— Directions for this task —
Reproduce the records below exactly, but only between the lines holding "- 講義&ロールプレイ動画を視聴して、ポスターや配布資材などを準備" and "En nog even", inclusive.

— Exercise data —
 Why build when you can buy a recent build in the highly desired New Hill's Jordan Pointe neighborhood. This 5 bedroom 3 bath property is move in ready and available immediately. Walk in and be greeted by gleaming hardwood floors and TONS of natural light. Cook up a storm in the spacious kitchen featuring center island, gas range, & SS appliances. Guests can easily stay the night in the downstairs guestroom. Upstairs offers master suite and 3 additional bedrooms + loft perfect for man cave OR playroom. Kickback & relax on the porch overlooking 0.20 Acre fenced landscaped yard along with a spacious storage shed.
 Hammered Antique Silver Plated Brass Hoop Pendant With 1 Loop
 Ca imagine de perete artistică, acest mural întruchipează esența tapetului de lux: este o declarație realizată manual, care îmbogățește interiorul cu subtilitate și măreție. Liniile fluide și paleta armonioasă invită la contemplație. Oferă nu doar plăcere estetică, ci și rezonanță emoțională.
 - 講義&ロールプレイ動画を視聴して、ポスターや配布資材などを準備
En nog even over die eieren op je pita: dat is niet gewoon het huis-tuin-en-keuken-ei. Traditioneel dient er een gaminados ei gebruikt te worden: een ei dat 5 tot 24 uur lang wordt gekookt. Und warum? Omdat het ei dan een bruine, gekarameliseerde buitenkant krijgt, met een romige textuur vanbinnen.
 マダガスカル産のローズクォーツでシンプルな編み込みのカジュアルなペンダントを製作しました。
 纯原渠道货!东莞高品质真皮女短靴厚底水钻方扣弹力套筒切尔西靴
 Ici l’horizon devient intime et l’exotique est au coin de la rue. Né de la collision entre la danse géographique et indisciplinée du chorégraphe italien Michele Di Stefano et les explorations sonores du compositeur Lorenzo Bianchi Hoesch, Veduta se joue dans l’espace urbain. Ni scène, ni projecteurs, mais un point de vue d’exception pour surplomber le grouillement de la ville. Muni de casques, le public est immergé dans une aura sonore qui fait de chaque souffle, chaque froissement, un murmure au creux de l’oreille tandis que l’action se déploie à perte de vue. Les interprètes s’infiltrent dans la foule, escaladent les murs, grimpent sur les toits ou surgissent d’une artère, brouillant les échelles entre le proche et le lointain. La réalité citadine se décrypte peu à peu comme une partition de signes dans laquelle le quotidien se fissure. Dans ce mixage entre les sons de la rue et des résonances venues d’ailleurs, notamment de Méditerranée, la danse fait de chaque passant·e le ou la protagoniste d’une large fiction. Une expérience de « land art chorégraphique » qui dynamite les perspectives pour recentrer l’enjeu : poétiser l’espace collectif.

— Output below —
 - 講義&ロールプレイ動画を視聴して、ポスターや配布資材などを準備
En nog even over die eieren op je pita: dat is niet gewoon het huis-tuin-en-keuken-ei. Traditioneel dient er een gaminados ei gebruikt te worden: een ei dat 5 tot 24 uur lang wordt gekookt. Und warum? Omdat het ei dan een bruine, gekarameliseerde buitenkant krijgt, met een romige textuur vanbinnen.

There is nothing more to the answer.